By this definition, all of the 476 movies or TV shows in the sample were found to be likely infringing. We found seven of the 148 files in the games and software category to be likely non-infringing—including two Linux distributions, free plug-in packs for games, as well as free and beta software. In the pornography category, one of the 145 files claimed to be an amateur video, and we gave it the benefit of the doubt as likely non-infringing. All of the 98 music torrents were likely infringing. Two of the fifteen files in the books/guides category seemed to be likely non-infringing.

Overall, we classified ten of the 1021 files, or approximately 1%, as likely non-infringing, This result should be interpreted with caution, as we may have missed some non-infringing files, and our sample is of files available, not files actually downloaded. Still, the result suggests strongly that copyright infringement is widespread among BitTorrent users.

Comments

  1. “Our assumption would be that demand for pornography is not as time-sensitive as demand for movies”
    ie: you don’t care if your porn is old, why should the layman

  2. AVI isn not an encoding format – it’s just a container format, that can contain virtually anything (DivX or XviD, for example).
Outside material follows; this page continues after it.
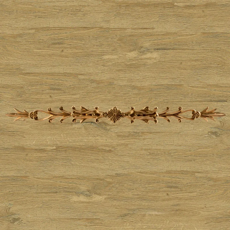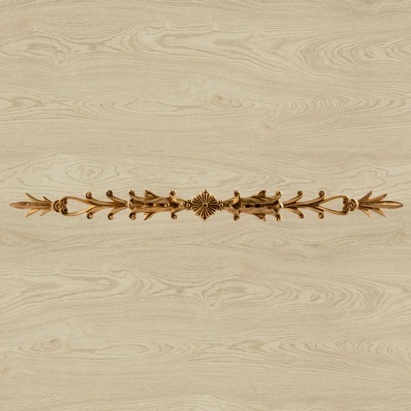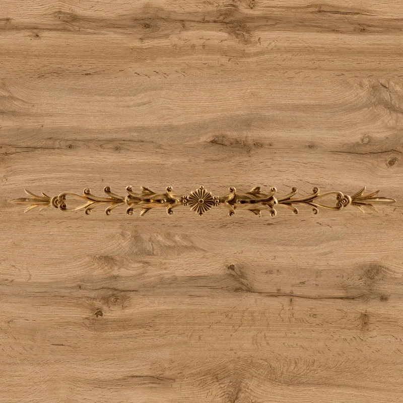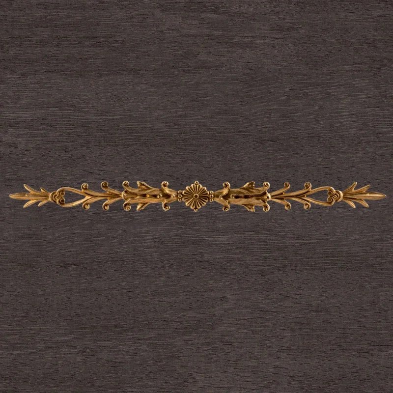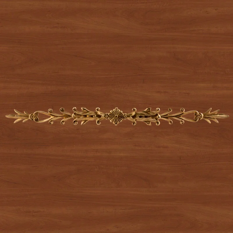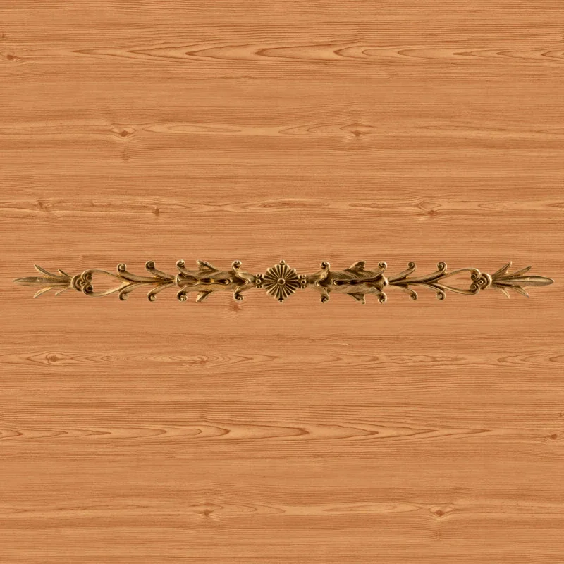 Декоративную накладку можно купить для украшения консоли, изголовья кровати, карниза шкафа или другой мебели, изготовленной на заказ. Латунный резной декор особенно эффектно смотрится на предметах из натурального дерева. Цвет металла подбирайте в тон корпусу. Представленную в каталоге накладку оттенка старого золота можно тонировать под серебро, бронзу, покрыть патиной для придания эффекта старины.

  3. So some unknown university student took about 1000 files, was unable to classify over 140 as to what they were, used his own undisclosed judgment to decide if they infringed copyright (yes, even though 140 of them he could not decide what they were he still classified them), and this is now taken as fact, considered scientific and quoted?
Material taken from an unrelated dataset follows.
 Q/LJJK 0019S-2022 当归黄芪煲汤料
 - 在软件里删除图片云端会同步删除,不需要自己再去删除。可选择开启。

    Most bitorrent might be ilegal copuright, but quoting some guy, who uses an unknown judgement, and makes statements on copyright even though he doesnt know how to classify it is as scientific as saying you nephew told you so…

  4. Its an interesting idea but I don’t think you don’t have a large enough sample for a significant x-bar correlation and the size of the population is excluded.
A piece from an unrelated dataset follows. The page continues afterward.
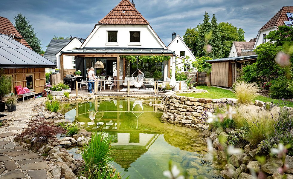 Bielefeld. Zuerst fällt der Blick auf den Teich. Er ist nicht einfach nur rund oder quadratisch, sondern schlängelt sich in die Landschaft. Zwischen hellen Sandsteinen plätschert das Nass in das 1,30 Meter tiefe Wasserbecken. „Wir haben das Haus 2020 gekauft“, sagt Jana Hermanns. Dass es schon über 100 Jahre alt ist, sieht man heute nicht mehr. Auch wenn der Familie, zu der Ehemann Lutz und drei Töchter gehören, klar war, dass eine Menge Arbeit auf sie wartet, ging es nach der Besichtigung Am Lauksberg plötzlich ganz schnell.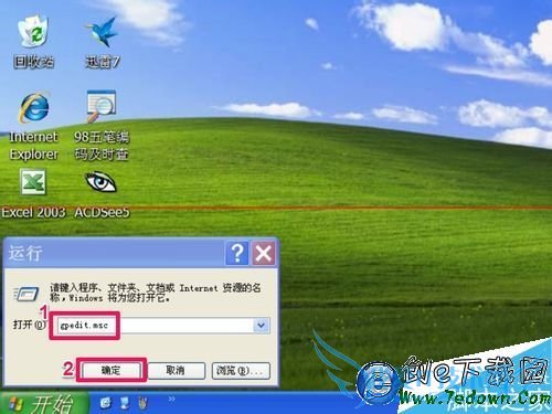 2,然后在打开的运行程序的编辑框中,输入gpedit.msc命令,确定。

    Your data is biased by the geography & language of your sample. I read recently that there are about 100 million illegal copies of Windows XP in use in China…

    There is quite a bit of content available through these resources in the movie and book formats that is not infringing. I challenge this assumption.

    What department did you produce this for? Probably goddamn pre-lawyers. If not, I’m so sorry, otherwise bite me!

  5. I’d be more interested to know what the breakdown by bandwidth used was, i.e. file sizes * number of downloads. Might be a more useful metric. Just a thought.

    • That’d require much more efforts and would have provided questionable results since DHT doesn’t store download numbers (neither it stores statistics at all). Researchers would have to search for tracker that tracks given torrent and try to get download numbers from it. Even if they succeed with first, that doesn’t mean tracker will return actual stats (if any) and if torrent turns out to be tracked by several trackers, they’ll most likely have different stats from different trackers to make things even more complicated.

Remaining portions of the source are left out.